However, we can control the expenses related to "property", such as fire insurance and home insurance.
In the past year or two, more virtual insurance companies have entered the market to compete, and the premiums for fire and home insurance are cheaper than those offered by banks.
However, what do you need to pay attention to when choosing one? Will it affect the bank's mortgage approval?
It is true that banks generally require borrowers to purchase fire insurance in order to take out a mortgage, but most banks do not make it mandatory for borrowers to purchase it from the bank, as long as they can provide proof of insurance coverage.
And many large housing estates, because the estate has already purchased fire insurance, this group of owners do not need to buy additional.

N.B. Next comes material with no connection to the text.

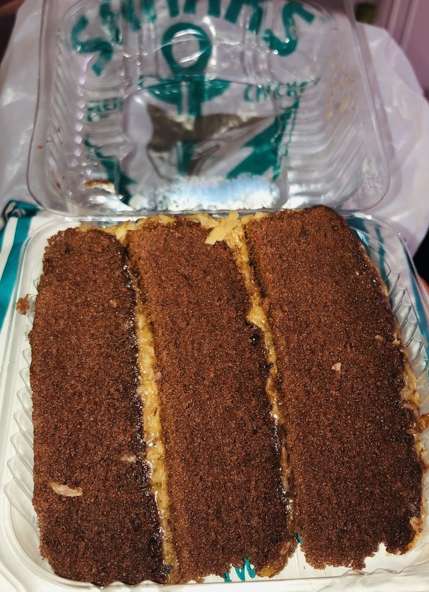 Chicken was good and seasoned well. Food remained warm from pick up to arriving home. Would definitely purchase from Sharks again. In addition, stays open late.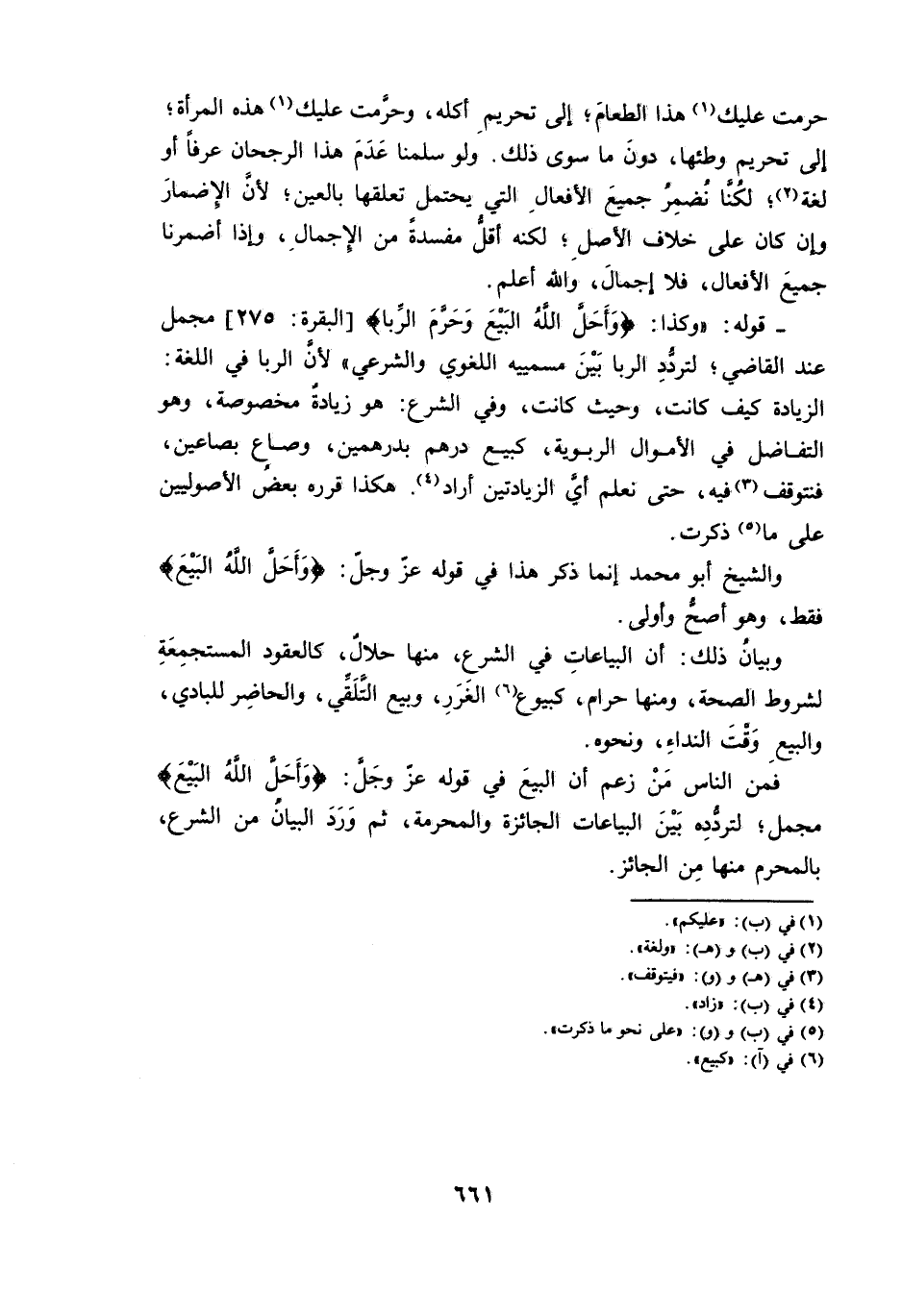 - قَوْلُهُ: «وَكَذَا» : {وَأَحَلَّ اللَّهُ الْبَيْعَ وَحَرَّمَ الرِّبَا} [الْبَقَرَةِ: 275] ، مُجْمَلٌ عِنْدِ الْقَاضِي ; لِتَرَدُّدِ الرِّبَا بَيْنَ مُسَمَّيَيْهِ اللُّغَوِيِّ وَالشَّرْعِيِّ لِأَنَّ الرِّبَا فِي اللُّغَةِ: الزِّيَادَةُ كَيْفَ كَانَتْ، وَحَيْثُ كَانَتْ، وَفِي الشَّرْعِ: هُوَ زِيَادَةٌ مَخْصُوصَةٌ، وَهُوَ التَّفَاضُلُ فِي الْأَمْوَالِ الرِّبَوِيَّةِ، كَبَيْعِ دِرْهَمٍ بِدِرْهَمَيْنِ، وَصَاعٍ بِصَاعَيْنِ ; فَنَتَوَقَّفُ فِيهِ، حَتَّى نَعْلَمَ أَيَّ الزِّيَادَتَيْنِ أَرَادَ. هَكَذَا قَرَّرَهُ بَعْضُ الْأُصُولِيِّينَ عَلَى مَا ذَكَرْتُ.

In addition, some banks offer mortgage incentives will come with six months or even one year of fire insurance, because there is still a mortgage, fire insurance is not available, so homeowners should pay attention to the expiration date of the original fire insurance plan included, and make preparations in advance whether to switch to another insurance company.
If you want to "switch" to another insurance company, you should pay attention to not only the price but also
If you want to switch to another insurance company, not only do you need to pay attention to the price, but you also need to check whether your mortgage bank approves the policy.
If you are not sure how to find a fire insurance plan that is accepted by your bank and is "affordable", you can get professional help to analyze and calculate.